I have searched, but found a too many results with 2 different PC's for Reflex Silver Metallic. All and any help is greatly appreciated. Damn trucks on the NJ TPKE kicking up rocks from everywhere yesterday morning. Ughhhhh.:banghead:


----------



## CC R-Line (Aug 26, 2010)

LA7W = reflex silver metallic


----------



## MySilver2010CC (Sep 21, 2010)

CC R-Line said:


> LA7W = reflex silver metallic


Thanks CC R-Line... but apparently, 8E8E = reflex silver metallic too. Are there 2 different codes for 2 different types of RSM?


----------



## markthedate (Jun 15, 2010)

Best way to find your correct paint code is to look inside your spare tire compartment for a label/tag on the right hand side of the vehicle. That will list what your CC's paint code is.


----------



## MySilver2010CC (Sep 21, 2010)

Thanks bro. I already ordered the paint. Hope it's whats in the trunk...


----------



## CC R-Line (Aug 26, 2010)

MySilver2010CC said:


> Thanks CC R-Line... but apparently, 8E8E = reflex silver metallic too. Are there 2 different codes for 2 different types of RSM?


no, there's only ONE RSM. LA7W is the official vw paint code and 8E8E is just another code for the same paint


----------



## MySilver2010CC (Sep 21, 2010)

CC R-Line said:


> no, there's only ONE RSM. LA7W is the official vw paint code and 8E8E is just another code for the same paint


Whew!

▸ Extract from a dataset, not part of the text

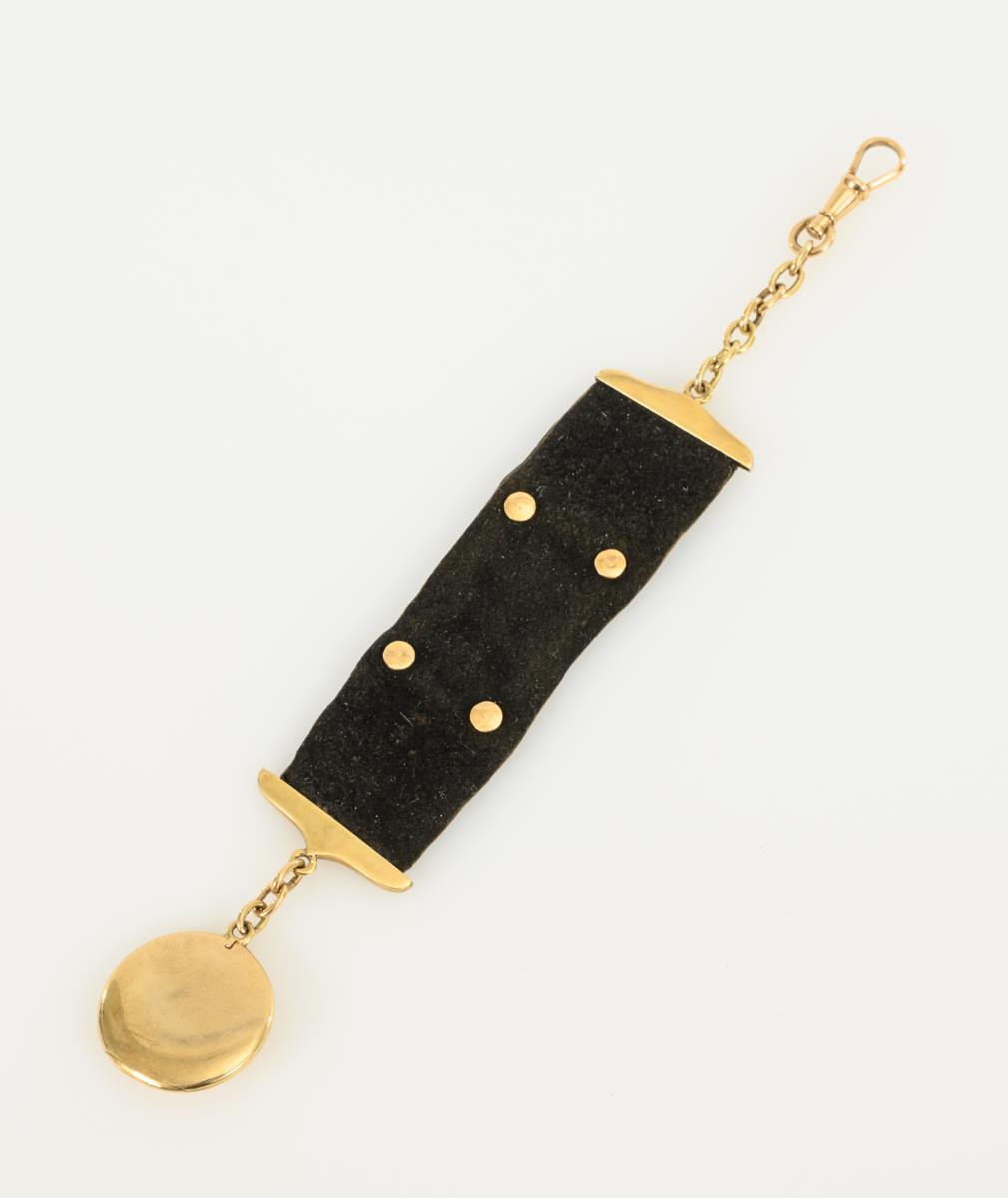 Goldene Châtelaine mit Amulett und Diamantrosen.

Thanks again for clearing it all up CCRL.


----------



## 432828 (Nov 21, 2008)

yup, found that out myself lst week. Dealer wanted 18.95 for the touch-up (ouch!)
went to local auto store..6.95 (matches perfect)


----------



## MySilver2010CC (Sep 21, 2010)

Checked the trunk today, the paint code is indeed LA7W. Thanks again.:thumbup:


----------



## Jas-CC (Oct 4, 2010)

wogeboy said:


> yup, found that out myself lst week. Dealer wanted 18.95 for the touch-up (ouch!)
> went to local auto store..6.95 (matches perfect)


 OUCH indeed. A dealership could find a way to sell you a paper clip for $600 over the life of your loan/lease...


----------